Statesmen at the Helm If we want to recover “free and civilized human life,” we will need to recover the greatness that is Daniel Mahoney’s central subject. By Christopher Flannery

https://amgreatness.com/2022/06/17/statesmen-at-the-helm/

A review of “The Statesman as Thinker: Portraits of Greatness, Courage, and Moderation“,
by Daniel J. Mahoney (Encounter, 242 pages , $30.99)

With epic understatement, James Madison wrote in 1787 that “Enlightened statesmen will not always be at the helm,” prophetically consoling his future countrymen for the catastrophic presidency of Joseph Robinette Biden, Jr.

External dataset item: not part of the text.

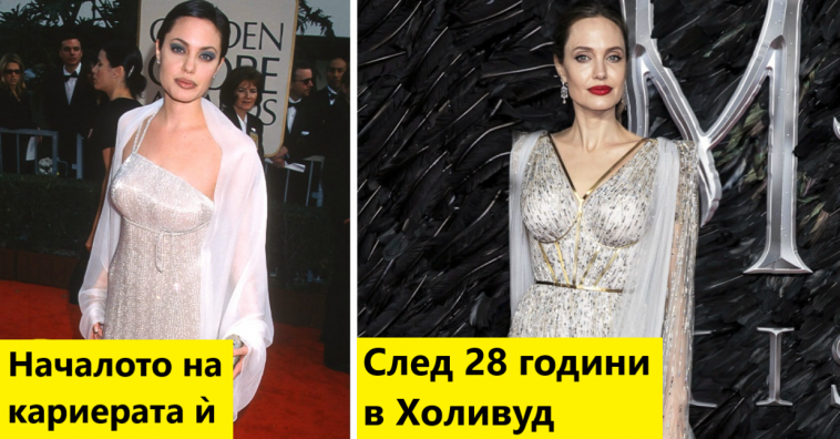 Анджелина Джоли през 1993 г. и след 28 години в Холивуд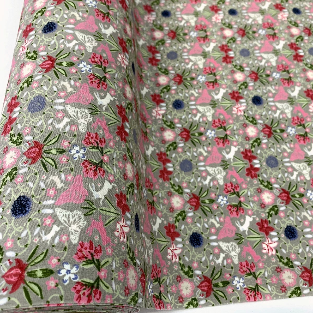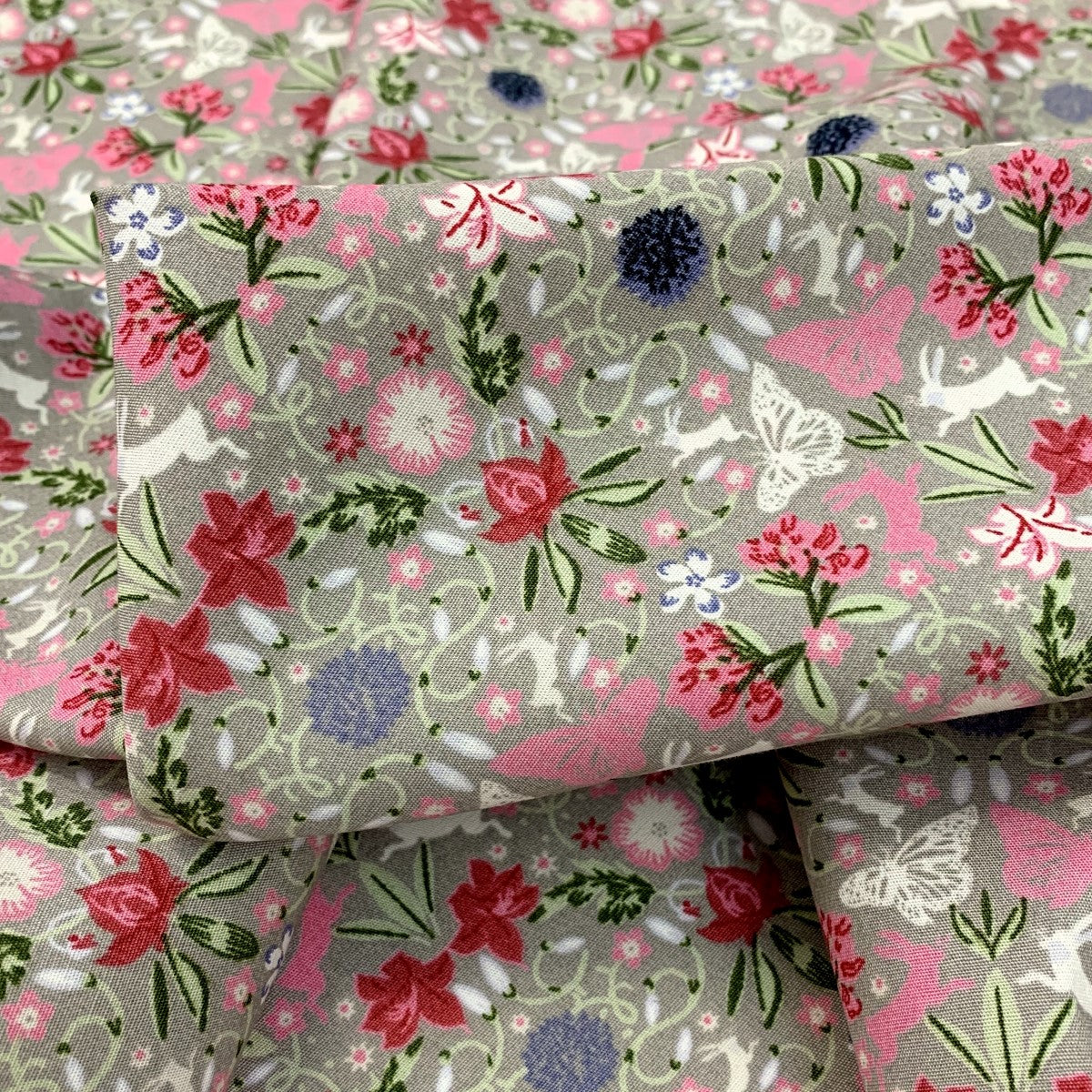 It comes in pale taupe/warm grey Easter print with butteflies and rabbits. Easy to sew and suitable for most dress patterns.

In his new book, The Statesman as Thinker: Portraits of Greatness, Courage, and Moderation, Daniel Mahoney writes not just about “enlightened statesmen” but about great-souled statesmen, with philosophic gifts and the full complement of cardinal virtues. Such men and women are not just unusual. They are rare—and indispensable: “On rare but vitally important occasions, democracies need such men of virtue and honorable ambition to preserve and perpetuate free and civilized human life.”

Mahoney thinks Solon, Pericles, Cicero, and George Washington were such statesmen. Ronald Reagan, Margaret Thatcher, and Nelson Mandela, for all their gifts, virtues, and importance, were not. Daniel Mahoney takes seriously his highest duty as a student of politics—to remind himself and his readers of true greatness. He offers chapters on Edmund Burke, Alexis de Tocqueville, Abraham Lincoln, Winston Churchill, Charles De Gaulle, and Václav Havel, with helpful “Sources and Suggested Readings” at the end of each chapter.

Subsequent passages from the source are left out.